= Mihailo Jokić =

Serbian educator and politician

Mihailo Jokić (Михаило Јокић; born 14 September 1948) is a Serbian educator and politician. He briefly served as Serbia's minister of education in a transitional government that was established after the fall of Slobodan Miloševic in 2000. Since 2016, he has served in the National Assembly of Serbia as a member of the Serbian Progressive Party.

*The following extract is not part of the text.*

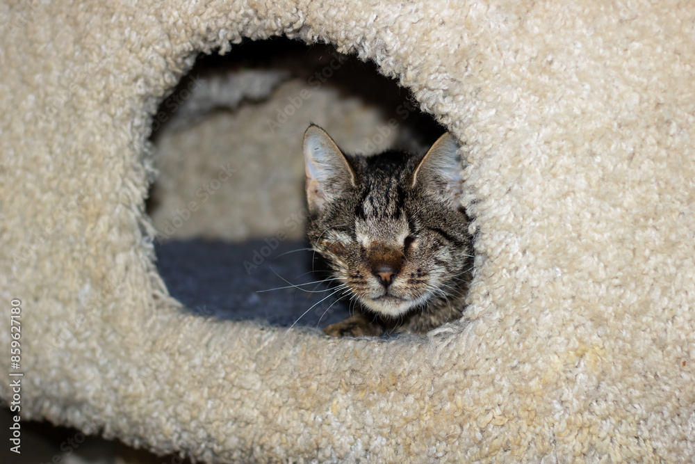 A Felidae carnivore with whiskers sleeps in a wooden cat house by the window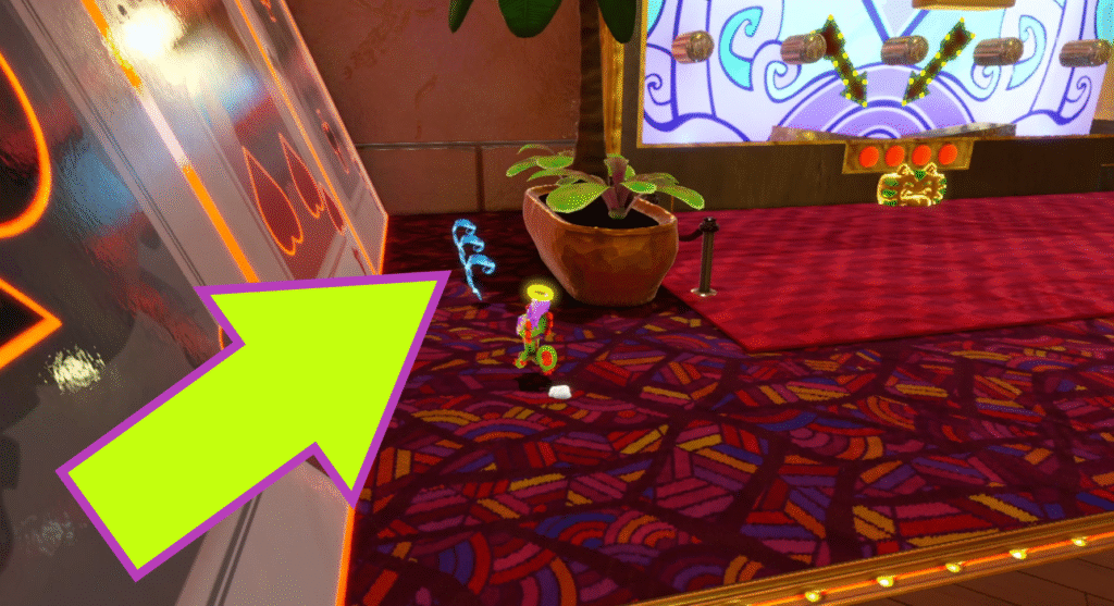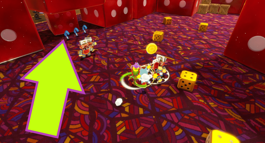 The next four Quills are found on a large red dice behind Rextro’s arcade machine, further along the path.

==Early life and private career==
Jokić was born in the village of Divci in Valjevo, in what was then the People's Republic of Serbia in the Federal People's Republic of Yugoslavia. He graduated in mathematics from the University of Novi Sad, worked as a maths professor at Valjevo's School of Economics, and earned a doctor of science degree in mathematics in 2000. In the late 1990s, he served as a deputy education minister in Serbia's government.

==Politician==
===Cabinet minister===
After the fall of Yugoslav president Slobodan Miloševic in October 2000, a new transitional government was established in Serbia pending new elections. The ministry was led by Milomir Minić and included members of the Socialist Party of Serbia, the Democratic Opposition of Serbia, and the Serbian Renewal Movement. Jokić, at the time a member of the Socialist Party, was appointed as education minister. He served from 24 October 2000 to 25 January 2001, when a new administration took office under the leadership of Zoran Đinđić.

Jokić received the eighty-eighth position on the Socialist Party's electoral list in the 2000 Serbian parliamentary election. The party won thirty-seven seats, and he was not awarded a mandate. (Between 2000 and 2011, Serbian parliamentary mandates were awarded to sponsoring parties or coalitions rather than to individual candidates, and it was common practice for mandates to be assigned out of numerical order. Jokić's relatively low position on the list – which was in any event mostly arranged in alphabetical order – did not automatically prevent him from being awarded a mandate, though ultimately he was not included in the Socialist Party's parliamentary delegation.)

He subsequently left the Socialist Party and joined the Socialist People's Party, appearing on its electoral list in the 2003 parliamentary election. The list did not cross the electoral threshold to win any mandates in the assembly.

===Municipal politics===
Jokić has served a number of terms in the Valjevo municipal assembly. He contested the 2008 Serbian local elections at the head of the Socialist People's Party list in Valjevo and was returned when the list won three mandates. The Socialist People's Party subsequently ceased to exist, and he joined the Progressive Party.

He received the second position on the Progressive list in the 2012 Serbian local elections and was re-elected when the list won eleven seats. The Progressives participated in a local coalition government after the election, and Jokić was appointed as president (i.e., speaker) of the municipal assembly. Two years later, the Socialist Party formed a new local government without the Progressives (notwithstanding that the parties were aligned at the republic level), and the new administration removed Jokić from office. A court ruling later in the year restored him to the speaker's chair, but this ruling was subsequently overturned (on a provisional basis), and the matter remained unresolved until February 2016, when an administrative court returned him to the position once again. He did not seek re-election in the 2016 local elections.

===Member of the National Assembly===
Jokić was given the thirty-seventh position on the Progressive Party's Aleksandar Vučić – Serbia Is Winning list for the 2016 Serbian parliamentary election and was declared elected when the list won a landslide victory with 131 out of 250 mandates. During the 2016–20 parliament, he was a member of the committee on the judiciary, public administration, and local-self government; a member of the committee on education, science, technological development, and the information society; a deputy member of the committee on constitutional and legislative issues; deputy chair of a commission for the control of the execution of criminal sanctions; a member of Serbia's delegation to the parliamentary assembly of the Francophonie (where Serbia has observer status); and a member of the parliamentary friendship groups with Albania, Belarus, and Russia.

He received the one hundredth position on the Progressive Party's Aleksandar Vučić — For Our Children list in the 2020 election and was elected to a second term when the list won a landslide majority with 188 mandates. He continues to serve on the judiciary committee and is also a member of the committee on education, science, technological development, and the information society; a deputy member of the committee on finance, state budget, and control of public spending; and a member of the friendship groups with Belarus and Russia.